## Items from a data source
* * * * *
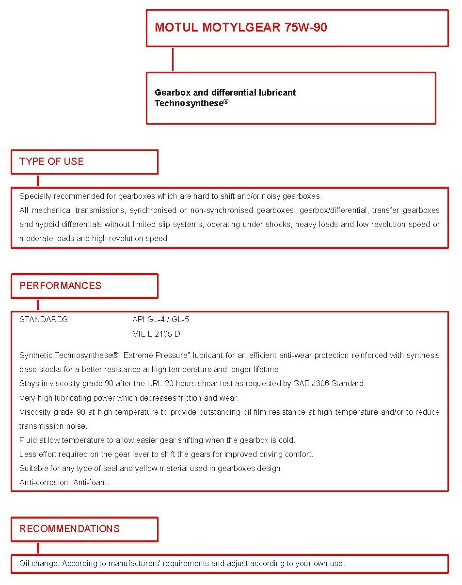 Motylgear 75W-90 Technosynt. 1L (100093, 105783) MOTUL арт. 109055
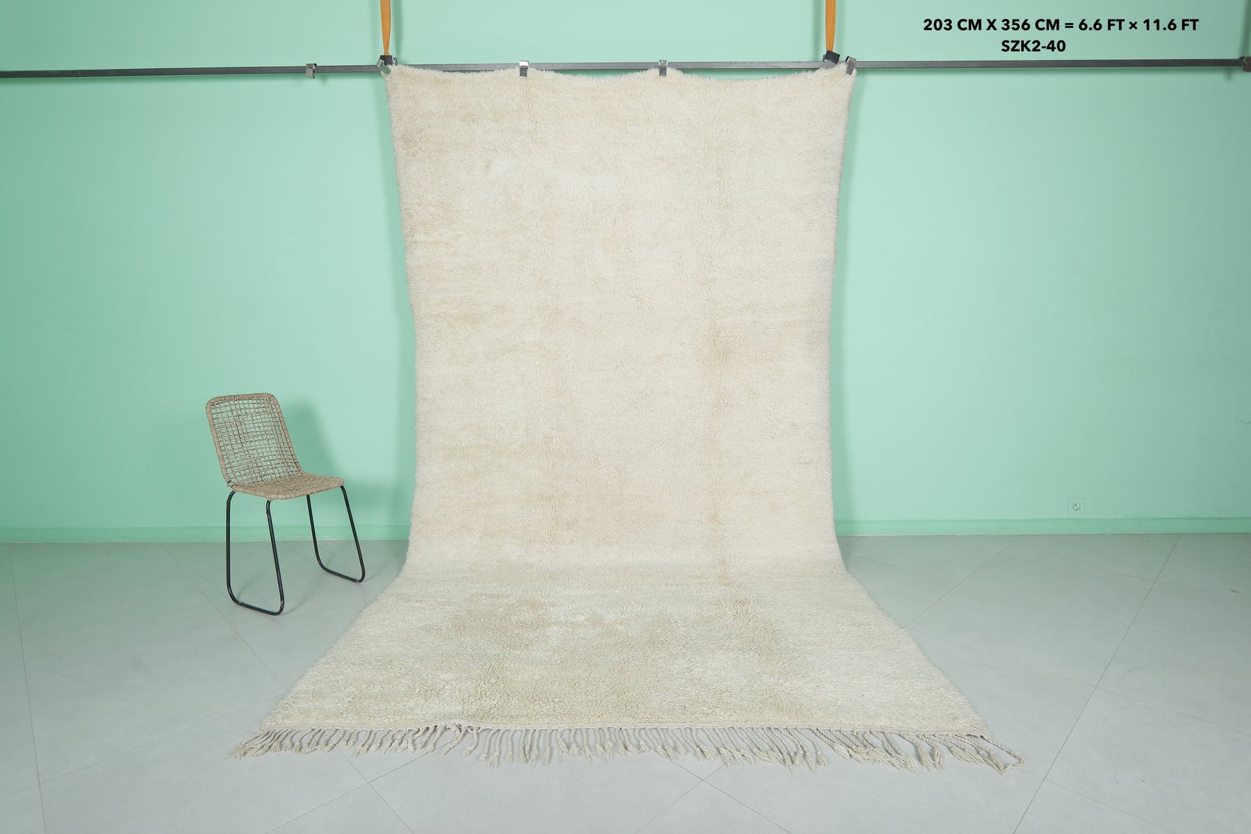 Elevate your home with this luxurious Moroccan Beni Ourain Rug, handwoven from premium natural wool. Measuring 6.6 x 11.6 feet (203 CM x 356 CM), this rug features a minimalist design in a neutral white tone, making it a versatile addition to both modern and traditional interiors. Its large size and plush texture create a warm and inviting atmosphere, perfect for living rooms, bedrooms, or dining areas. Crafted with exceptional durability and timeless Moroccan artistry, this handmade rug is a statement of elegance and comfort. Transform your space today with this exquisite piece!
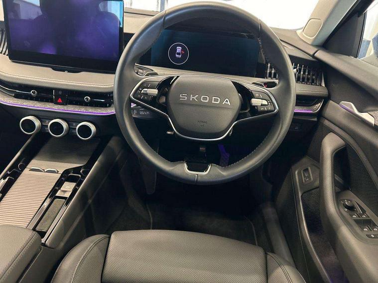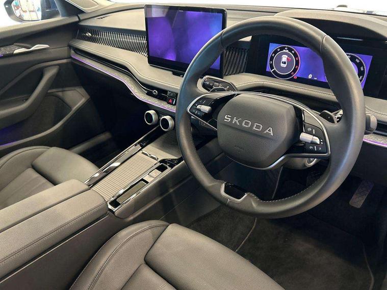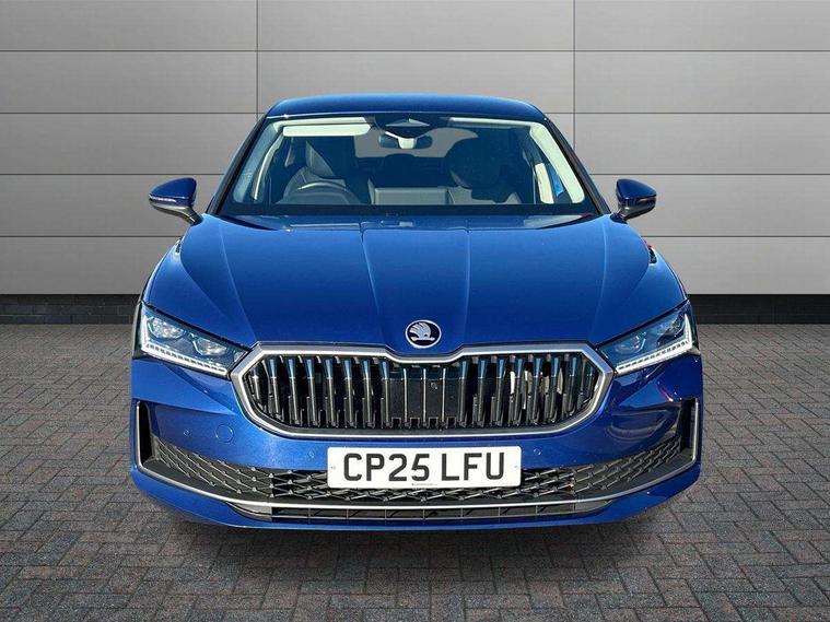 13" touchscreen display with satellite navigation, 4x USB-C ports (2x in front centre console and 2x in rear) (45W), Adaptive cruise control with speed assist, lane assist plus and traffic tram assist, Blind spot detection with door exit warning, Bluetooth system, CareConnect and Emergency Call, ChatGPT functionality, Driver fatigue sensor, Front assist with extended predictive pedestrian protection, Front cross traffic assist, Quick start all heating software functionality, Stop/start engine system, Traffic sign recognition, Turn assist with evasive assistance, Virtual Cockpit - 10.25" digital display, Voice control system, Washer for rear camera, Wireless charging for one smartphone (15W) with cooling function, Wireless smartlink apple carplay, SmartLink+ android auto, DAB Digital radio, Display cleaner, FM radio connection, Web radio connection, Acoustic side windows and interior noise suppression, Backdrop lighting, Body colour door handles, Body coloured door mirrors, Chrome window surround, Dark chrome grille surround, Dynamic range control with poor weather light and integrated fog light, Electrically adjustable, heated, folding and driver side auto-dimming door mirrors with memory function, integrated indicators and logo projection, Frameless auto-dimming rear view mirror with USB-C, Ice scraper in fuel tank cap, LED 3rd brake light, Light assist with High beam control, Light assistant (coming/leaving home/tunnel light), Privacy glass, Rear fog lights (x2), Rear side wing doors, Unique dark chrome design logo on alloy wheels, Windscreen wipers with rain sensor, 12V socket 1x centre console 1x boot, 14-way electrically adjustable, memory, front seats with 4-way pneumatic lumbar support, and extendable thigh support with smart comfort entry aid, 2x cargo elements in boot, 2x light in boot, 3 seat bench in 2nd row, 60:40 Split folding rear seats, Advanced massage function for front seats, Bottle holders in the front doors 1.5 litre bottle and rear 1.5 litre bottle, Cup holder in front with easy open mat, Front armrest with storage box, Front sports comfort seats, Heated and ventilated front seats, Height adjustable front and rear head restraints, Illuminated glovebox, Interior lights with control switches, Isofix child seat fittings in outer rear and front passenger seats, LED front and rear reading lights, Single front passenger seat, Skoda lettering on steering wheel, Storage compartment with cover, Storage pockets on back of front seats, Sun visors with illuminated vanity mirrors, Ticket holder on A Pillar, Tri zone climate control, Umbrella in driver's door, Light and view package - Superb, Transport package - Superb Hatchback, 3 rear seatbelts, 8 Airbags - Front driver and passenger, front side driver and passenger, centre, curtain front and rear, drivers knee, Crew protect assist, Driver and passenger seatbelts with warning light, Electronic parking brake, ESC including ABS, EBV, MSR, ASR, EDS, HBA, DSR, RBS, CBC, multi-collision brake (MKB) and Auto hold, Hill hold assist, Power operated child lock in rear doors, Alarm with interior monitoring tilt sensor and back up horn, Backrest remote release from trunk, Electronic engine immobiliser, Keyless start/stop, Remote central locking with SAFE system, Third key, Walk away locking, Decorative front door sills,
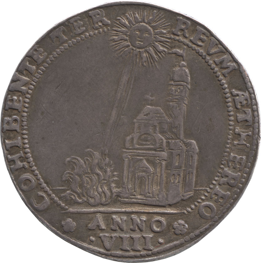 裏:教会の前の地面から湧き出た炎に光線をあてる太陽
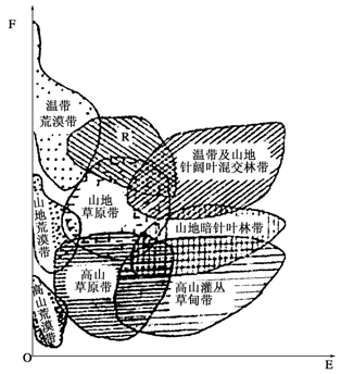1、单选题 下图为青藏高原及我国温带若干自然带的关系图式。读图回答(1)—(2)题。
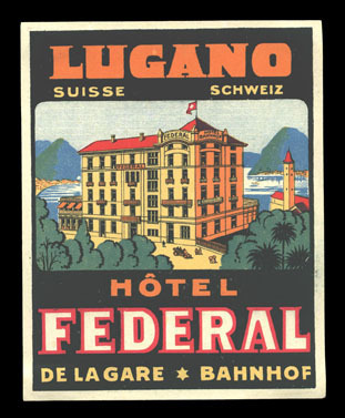 Hotel Federal LUGANO - Swiss vintage luggage label
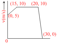 The figure shown the velocity time graph of a particle which moves along a straight line staring with velocity at 5 m /sec and coming to rest at t = 30 as. Then : -
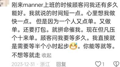 而Manner想要的又好又快又便宜,可能吗?一个网友的吐槽很好的解释了一切。
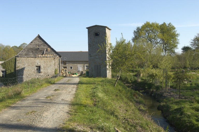 Situé sur les bords du ruisseau de la Hunaudais, ce moulin s'appuie sur la digue de retenue. Le soubassement est maçonné avec un bel appareil de pierre de taille de granite, percé de deux orifices destinés à recevoir les arbres des roues à haubes. Le rez-de-chaussée quant à lui est élevé en moellons de granite. Il est percé d'une fenêtre surmontée d'une croix (19e siècle) sur le mur pignon sud. La façade est possède la porte d'entrée, dont l'encadrement ancien est chanfreiné, ainsi qu'une fenêtre. A l'ouest, une extension en appentis a été élevée, tandis qu'au nord, on trouve encore une porte chanfreinée au niveau du soubassement. La toiture du bâtiment principal est à longs pans et couverte en ardoise.
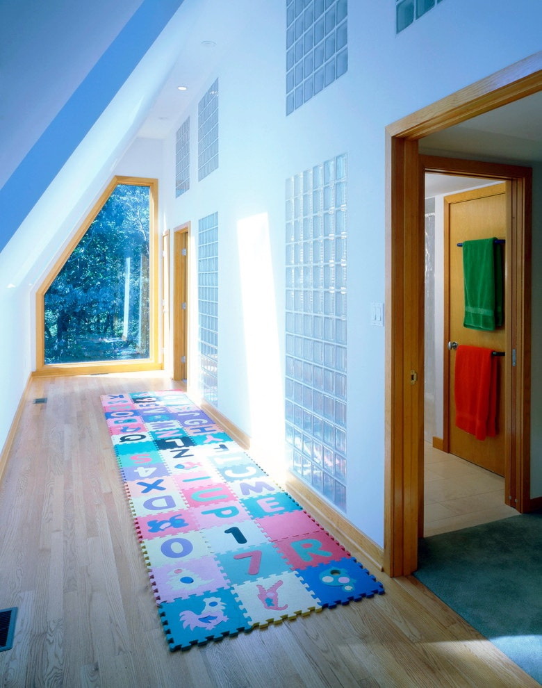 - Passarela multicolorida. Para estimular uma criança a engatinhar, uma ideia interessante seria construir uma passarela colorida que vai de uma sala a outra. Na sua superfície, você pode colocar brinquedos diferentes, incluindo bolas, chocalhos.
* * * * *
When you reproduce the data shown above, keep each line exact and omit every picture.

 Motylgear 75W-90 Technosynt. 1L (100093, 105783) MOTUL арт. 109055
 Elevate your home with this luxurious Moroccan Beni Ourain Rug, handwoven from premium natural wool. Measuring 6.6 x 11.6 feet (203 CM x 356 CM), this rug features a minimalist design in a neutral white tone, making it a versatile addition to both modern and traditional interiors. Its large size and plush texture create a warm and inviting atmosphere, perfect for living rooms, bedrooms, or dining areas. Crafted with exceptional durability and timeless Moroccan artistry, this handmade rug is a statement of elegance and comfort. Transform your space today with this exquisite piece!
 13" touchscreen display with satellite navigation, 4x USB-C ports (2x in front centre console and 2x in rear) (45W), Adaptive cruise control with speed assist, lane assist plus and traffic tram assist, Blind spot detection with door exit warning, Bluetooth system, CareConnect and Emergency Call, ChatGPT functionality, Driver fatigue sensor, Front assist with extended predictive pedestrian protection, Front cross traffic assist, Quick start all heating software functionality, Stop/start engine system, Traffic sign recognition, Turn assist with evasive assistance, Virtual Cockpit - 10.25" digital display, Voice control system, Washer for rear camera, Wireless charging for one smartphone (15W) with cooling function, Wireless smartlink apple carplay, SmartLink+ android auto, DAB Digital radio, Display cleaner, FM radio connection, Web radio connection, Acoustic side windows and interior noise suppression, Backdrop lighting, Body colour door handles, Body coloured door mirrors, Chrome window surround, Dark chrome grille surround, Dynamic range control with poor weather light and integrated fog light, Electrically adjustable, heated, folding and driver side auto-dimming door mirrors with memory function, integrated indicators and logo projection, Frameless auto-dimming rear view mirror with USB-C, Ice scraper in fuel tank cap, LED 3rd brake light, Light assist with High beam control, Light assistant (coming/leaving home/tunnel light), Privacy glass, Rear fog lights (x2), Rear side wing doors, Unique dark chrome design logo on alloy wheels, Windscreen wipers with rain sensor, 12V socket 1x centre console 1x boot, 14-way electrically adjustable, memory, front seats with 4-way pneumatic lumbar support, and extendable thigh support with smart comfort entry aid, 2x cargo elements in boot, 2x light in boot, 3 seat bench in 2nd row, 60:40 Split folding rear seats, Advanced massage function for front seats, Bottle holders in the front doors 1.5 litre bottle and rear 1.5 litre bottle, Cup holder in front with easy open mat, Front armrest with storage box, Front sports comfort seats, Heated and ventilated front seats, Height adjustable front and rear head restraints, Illuminated glovebox, Interior lights with control switches, Isofix child seat fittings in outer rear and front passenger seats, LED front and rear reading lights, Single front passenger seat, Skoda lettering on steering wheel, Storage compartment with cover, Storage pockets on back of front seats, Sun visors with illuminated vanity mirrors, Ticket holder on A Pillar, Tri zone climate control, Umbrella in driver's door, Light and view package - Superb, Transport package - Superb Hatchback, 3 rear seatbelts, 8 Airbags - Front driver and passenger, front side driver and passenger, centre, curtain front and rear, drivers knee, Crew protect assist, Driver and passenger seatbelts with warning light, Electronic parking brake, ESC including ABS, EBV, MSR, ASR, EDS, HBA, DSR, RBS, CBC, multi-collision brake (MKB) and Auto hold, Hill hold assist, Power operated child lock in rear doors, Alarm with interior monitoring tilt sensor and back up horn, Backrest remote release from trunk, Electronic engine immobiliser, Keyless start/stop, Remote central locking with SAFE system, Third key, Walk away locking, Decorative front door sills,
 裏:教会の前の地面から湧き出た炎に光線をあてる太陽
1、单选题 下图为青藏高原及我国温带若干自然带的关系图式。读图回答(1)—(2)题。
 Hotel Federal LUGANO - Swiss vintage luggage label
 The figure shown the velocity time graph of a particle which moves along a straight line staring with velocity at 5 m /sec and coming to rest at t = 30 as. Then : -
 而Manner想要的又好又快又便宜,可能吗?一个网友的吐槽很好的解释了一切。
 Situé sur les bords du ruisseau de la Hunaudais, ce moulin s'appuie sur la digue de retenue. Le soubassement est maçonné avec un bel appareil de pierre de taille de granite, percé de deux orifices destinés à recevoir les arbres des roues à haubes. Le rez-de-chaussée quant à lui est élevé en moellons de granite. Il est percé d'une fenêtre surmontée d'une croix (19e siècle) sur le mur pignon sud. La façade est possède la porte d'entrée, dont l'encadrement ancien est chanfreiné, ainsi qu'une fenêtre. A l'ouest, une extension en appentis a été élevée, tandis qu'au nord, on trouve encore une porte chanfreinée au niveau du soubassement. La toiture du bâtiment principal est à longs pans et couverte en ardoise.
 - Passarela multicolorida. Para estimular uma criança a engatinhar, uma ideia interessante seria construir uma passarela colorida que vai de uma sala a outra. Na sua superfície, você pode colocar brinquedos diferentes, incluindo bolas, chocalhos.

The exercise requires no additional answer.